Research projects at Saarland University
Towards uncertainty quantification for PDEs on networks
Duration: TBD–TBD
Funding scheme: Research Grants Program (Sachbeihilfe)
Funder: German Research Foundation
Budget: 245,708 €
My role: Principal investigator
Predecessor: Uncertainty quantification for PDEs on hypergraphs

3D printing is becoming ubiquitous in engineering and science. One of the main reasons for such success is its ability to create small structures not producible in any other known way. Typical examples include lightweight but strong materials (resembling, e.g., honeycombs) and artificial tissues. Such materials need to provide specific properties, while production is subject to uncertainties in the printing process. This project grows out of the need for mathematical algorithms to find optimal structures that retain their outstanding properties even in the presence of small errors. Robustness is vital for lightweight materials used to build lighter cars, planes, and rockets that save fuel. Similarly, 3D-printed artificial tissue has to mimic the real human tissue of fire victims to a high degree.

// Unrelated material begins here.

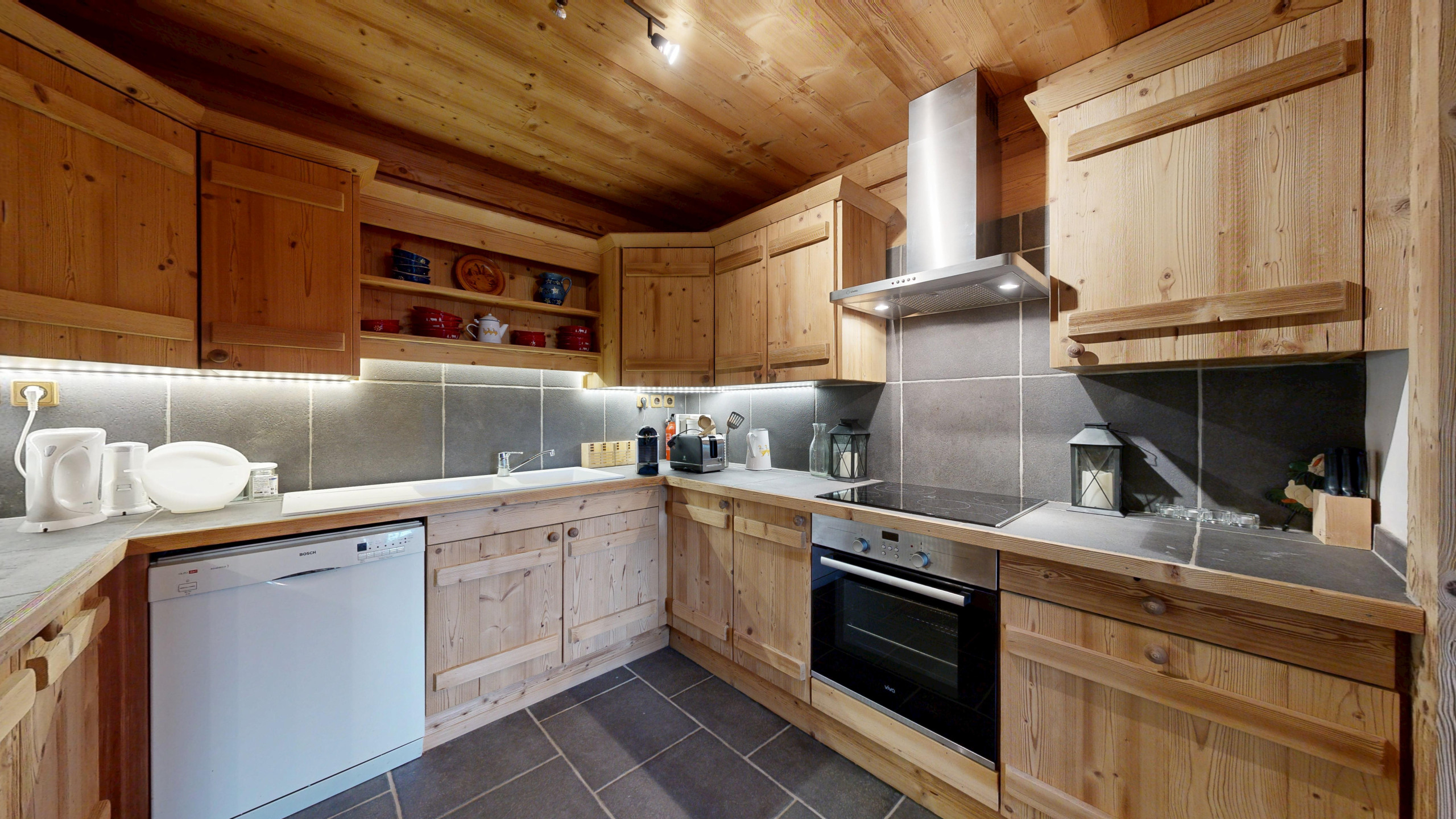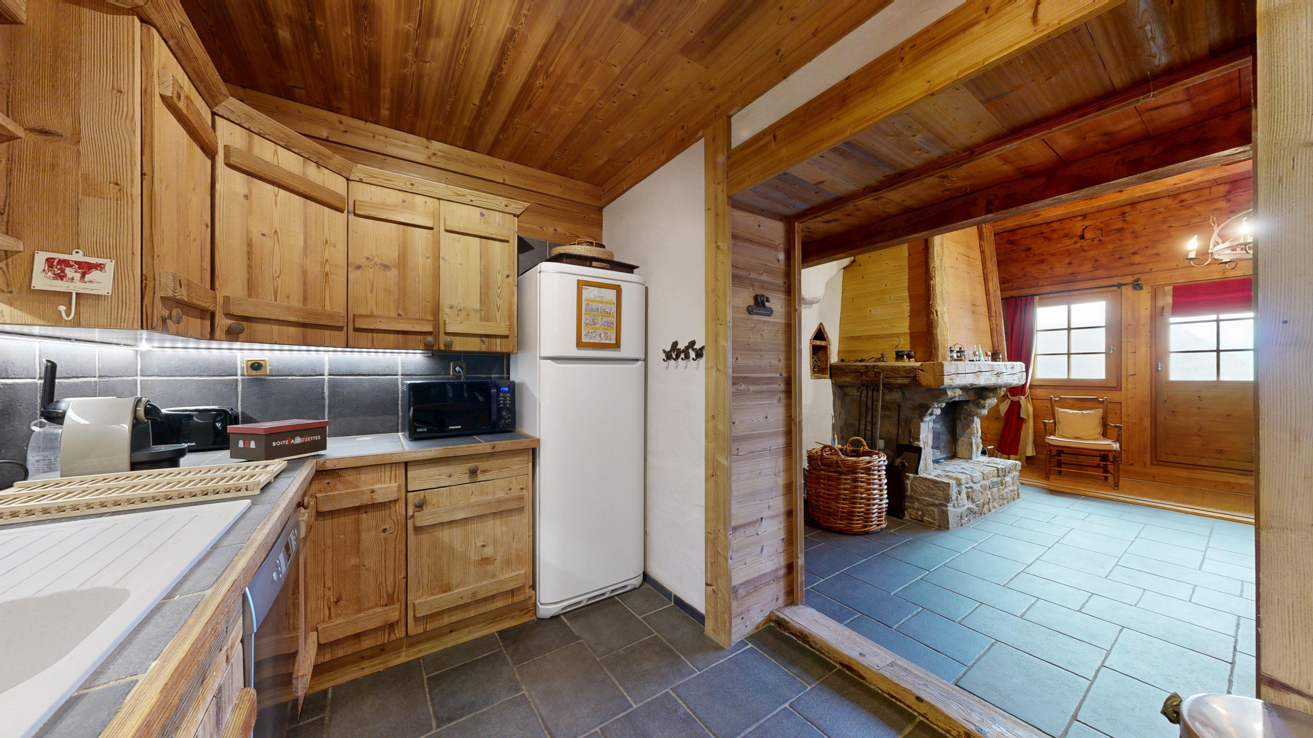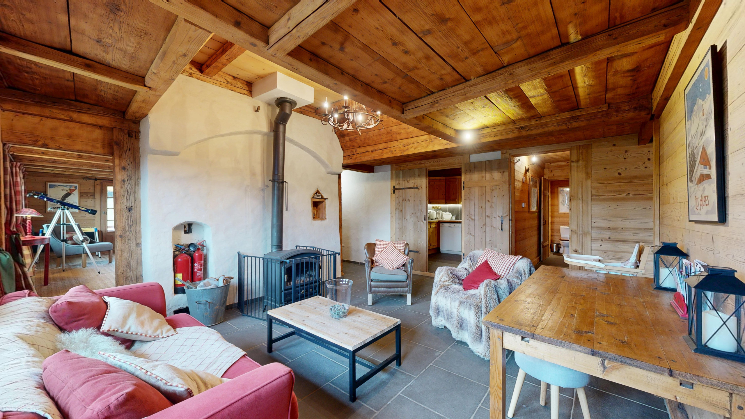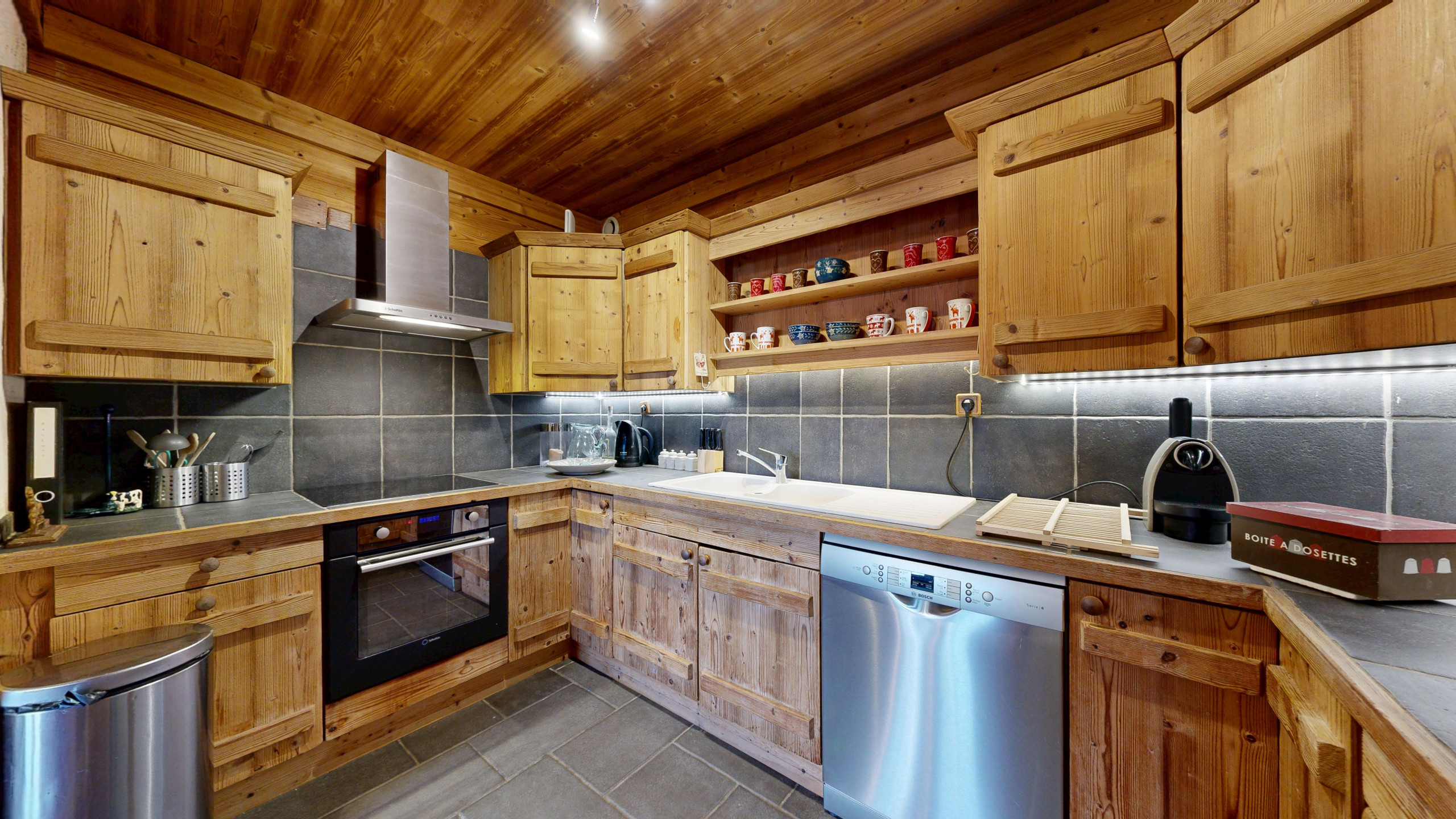 3-star apartment on the ground floor, immerse yourself in a mountain atmosphere in two bright and stylish living spaces, furnished with comfortable sofas, 2 libraries, and a Godin wood stove for cozy evenings. The two fully equipped kitchens are perfect for culinary enthusiasts, featuring modern amenities such as ceramic hobs, ovens, dishwashers, refrigerators, toasters, coffee makers, kettles, as well as a fondue set, raclette machine, pancake griddles, juicer, and a pierrade grill. Outside, there is a terrace and a large garden.

Compared to the most efficient existing approaches, the methodology of this project reduces the cost of an optimization-based product design cycle by orders of magnitude.
The picture shows micro-fiber scaffolds that are one artificial tissue component. It is taken from Mechanical behavior of a soft hydrogel reinforced with three-dimensional printed microfibre scaffolds by Miguel Castilho et al., licensed under CC BY 4.0.